30 maja rano w rejonie morskiej bazy wojskowej w Zatoce Desantnaja we Władywostoku doszło do co najmniej dwóch eksplozji. Miejsce zdarzenia szybko otoczyły służby specjalne. Następnie władze Kraju Nadmorskiego wydały uspokajający komunikat. Powołując się na regionalny komitet antyterrorystyczny, poinformowały, że "przedstawiciele odpowiednich służb usunęli skutki incydentu" i "zneutralizowali zagrożenie". "W wyniku zdarzenia nikt nie ucierpiał ani nie odniósł obrażeń", zaznaczono w komunikacie, nie podając jednak szczegółów dotyczących przyczyny eksplozji, ani rodzaju zagrożenia.
Potem poinformowano, że przyczyną eksplozji był "wybuch nieszczelnej instalacji gazowej w jednym z samochodów".

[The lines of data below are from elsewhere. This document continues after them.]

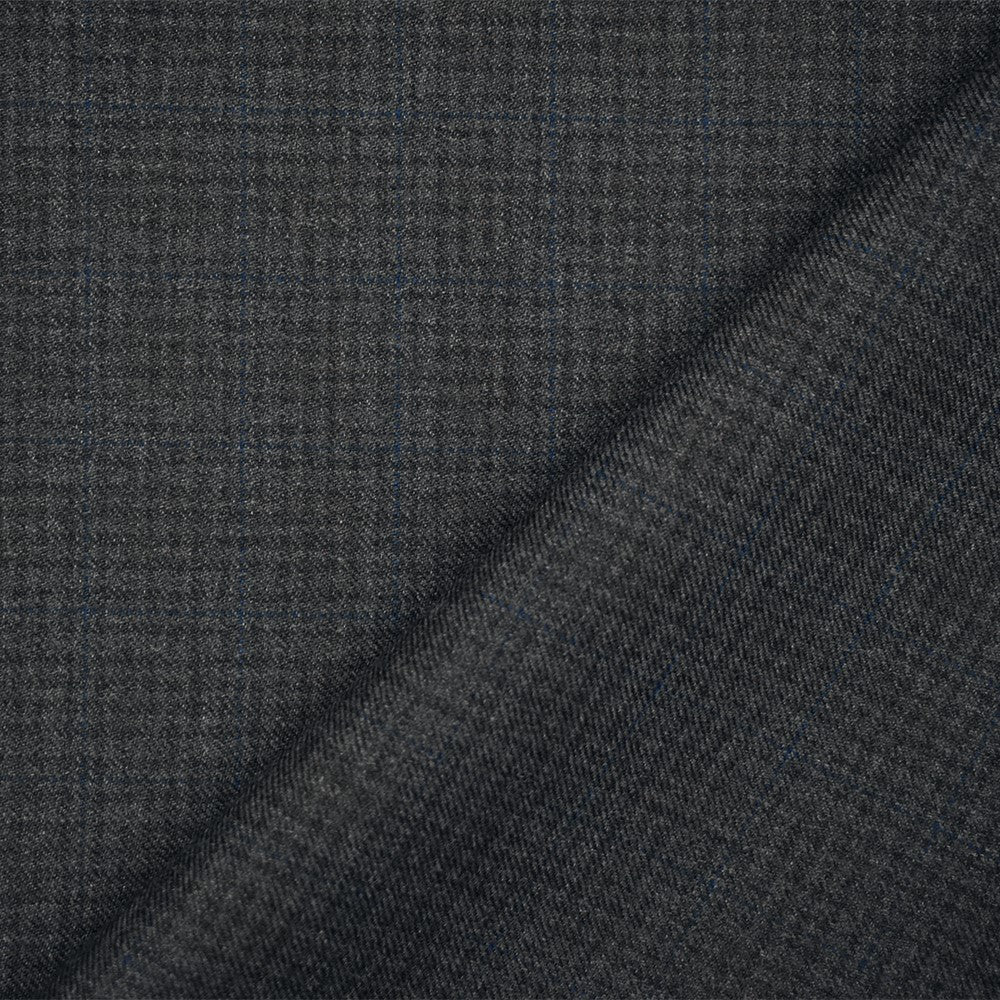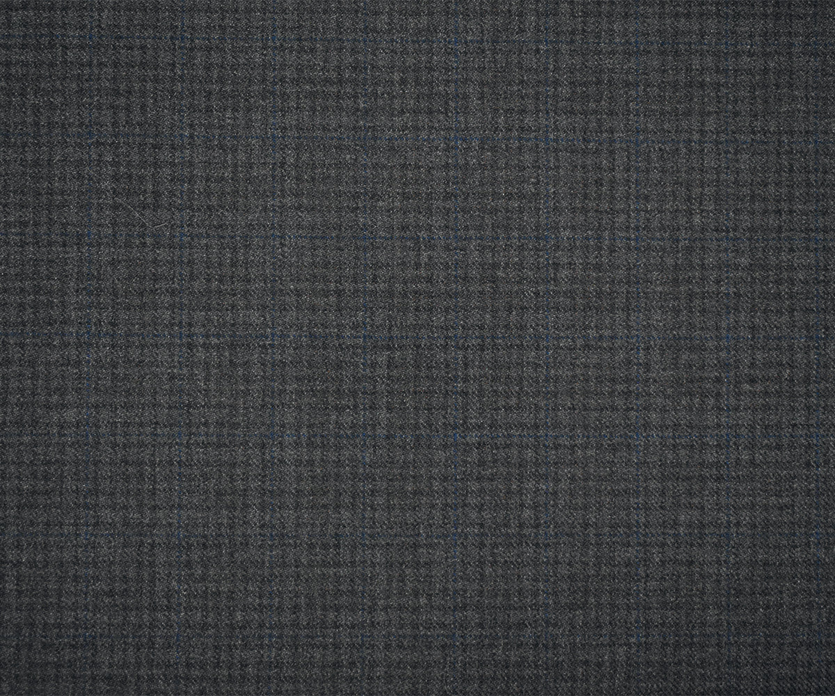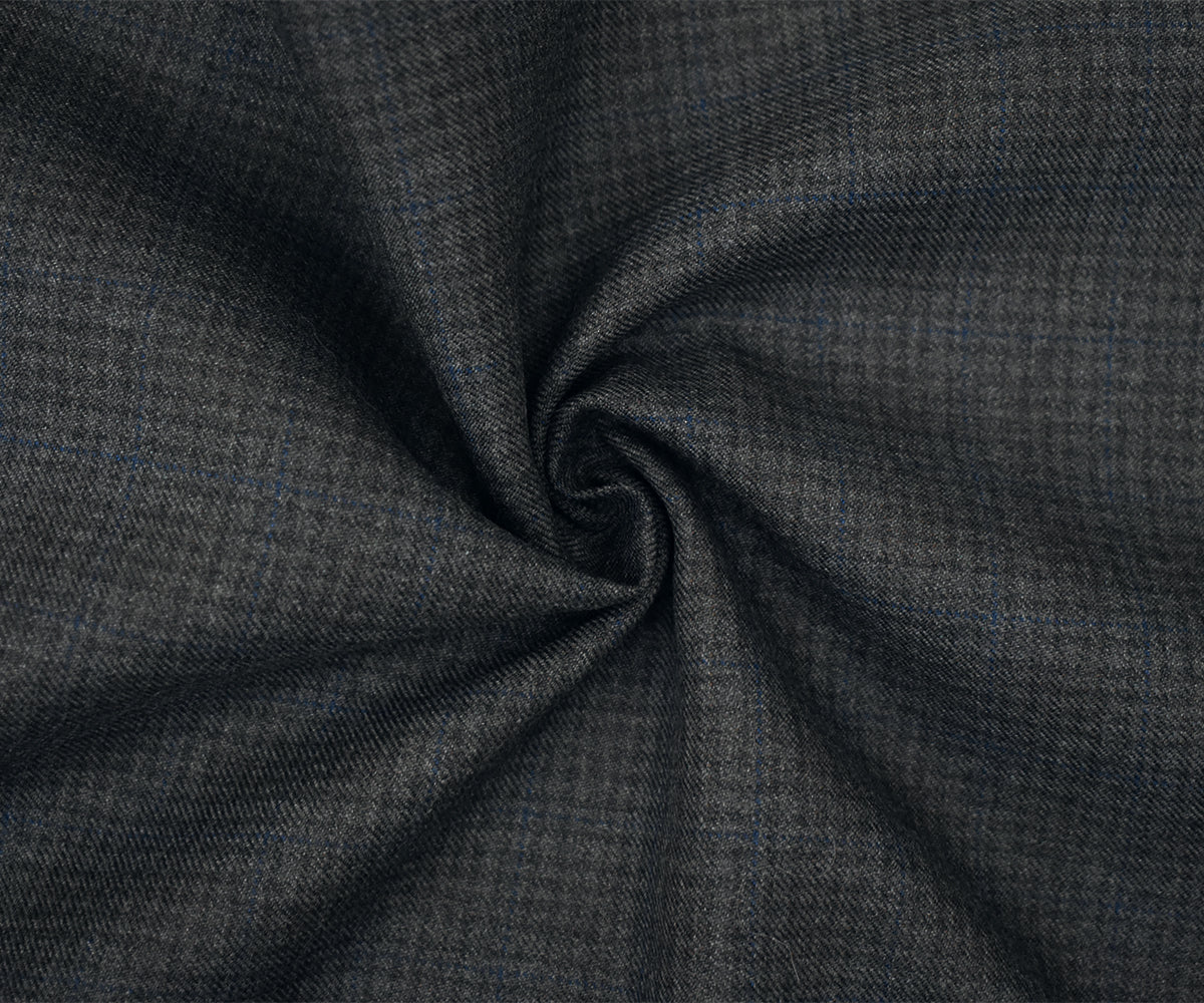Gray-Black-Blue Wool Polyester Check Twill Plaid Suiting Woven Fabric
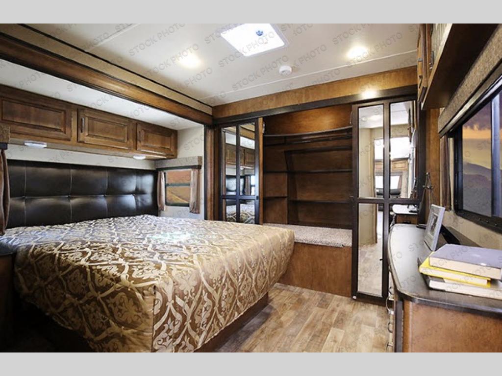 The front bedroom will provide you with a great night's rest. Here you will find a queen or optional king size slide out bed with nightstands and overhead storage, a dresser, TV prepped space, and a full front wardrobe with washer/dryer prep.
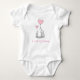 Uma mamãe e seus filhotes de elefantes segurando balões rosa. Que fofo! Personalize este adorável vestuário para bebês com todos os seus detalhes, incluindo fonte, cor, tamanho e posicionamento.
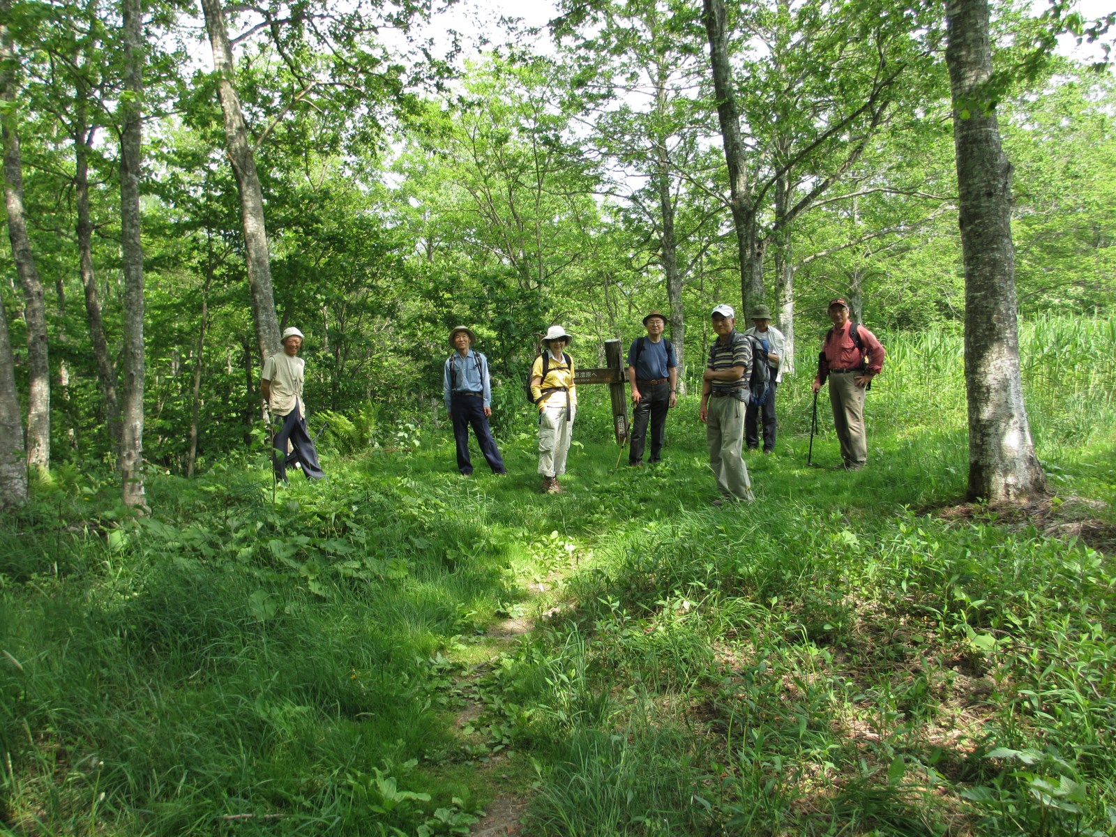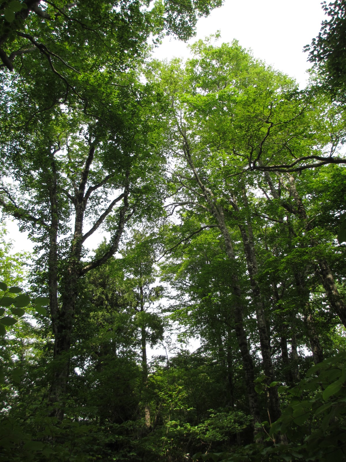登山路は湿りを含み一足一足山靴を包み込んでくれるような快さです。ブナの森、ブナの山、その中を涼しいかぜが爽やかに吹きぬけます。梅雨時の蒸し暑さはまったくありません。見上げれば青空、降り注ぐ木漏れ日に丈高いブナの木がさわさわとそよぎます。
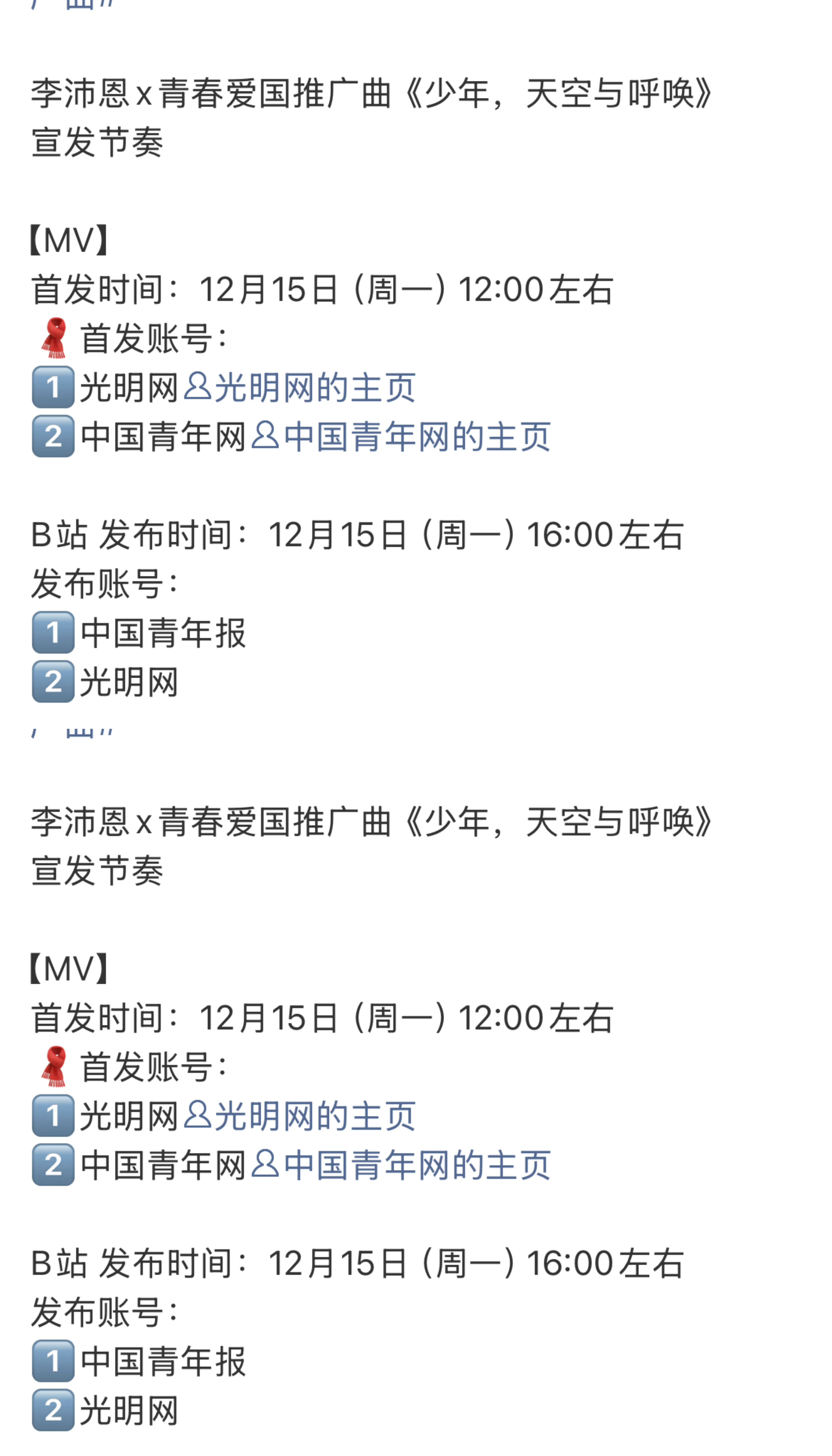 李沛恩新歌李沛恩主旋律个人新单曲《少年,天空与呼唤》明日上线。期待根正苗红的青年演员李沛恩传递正能量!

To był wypadek? Zachowanie służb na to nie wskazywało
Jeśli był to jedynie wybuch zbiornika z gazem, to nie wskazywało na to zachowanie służb. Lokalne media donosiły, że siły bezpieczeństwa zablokowały ruch między Zatoką Szamora w centrum Władywostoku a wsią Szczitowaja (położoną w pobliżu Zatoki Desantnaja). Jak pisał serwis Vladivostok1.ru, wokół Zatoki Desantnaja zgromadziło się wiele radiowozów, karetek pogotowia oraz mudurowych wielu formacji. W okolicach bazy funkcjonariusze sprawdzali dokumenty kierowców i przeszukiwali samochody. Jedna z mieszkanek Władywostoku relacjonowała, że funkcjonariusze sprawdzający dokumenty informowali jedynie o prowadzeniu "czynności śledczych", ale nie chcieli podawać szczegółów.
Z kolei według kanału na Telegramie "WCzK-OGPU", po eksplozjach z wojskowej bazy w Desantanja wywieziono pod eskortą "duże obiekty przykryte plandekami".
Eksplozje we Władywostoku. HUR zabiera głos
W piątek po południu wojskowy wywiad Ukrainy (HUR) poinformował, że eksplozje były wynikiem ich akcji. Nie ujawniono naturalnie jej szczegółów.
"Co najmniej dwie eksplozje miały miejsce w rejonie rozmieszczenia 47. Samodzielnego Batalionu Desantowo-Szturmowego z 155. Samodzielnej Gwardyjskiej Brygady Piechoty Morskiej (jednostka wojskowa 30926). Jeden z wybuchów nastąpił w okolicy punktu kontrolnego, drugi w miejscu stacjonowania personelu i dowództwa jednostki wojskowej. W wyniku ataku wyeliminowano żołnierzy oraz zniszczono sprzęt wojskowy i specjalistyczny” – czytamy w komunikacie przekazanym serwisowi Ukraińska Prawda.
Rosyjska 155. Brygada Piechoty Morskiej brała aktywny udział w wojnie przeciwko Ukrainie. Potwierdzono jej udział w bitwach o Mariupol, Wuhłedar i w obwodzie kurskim.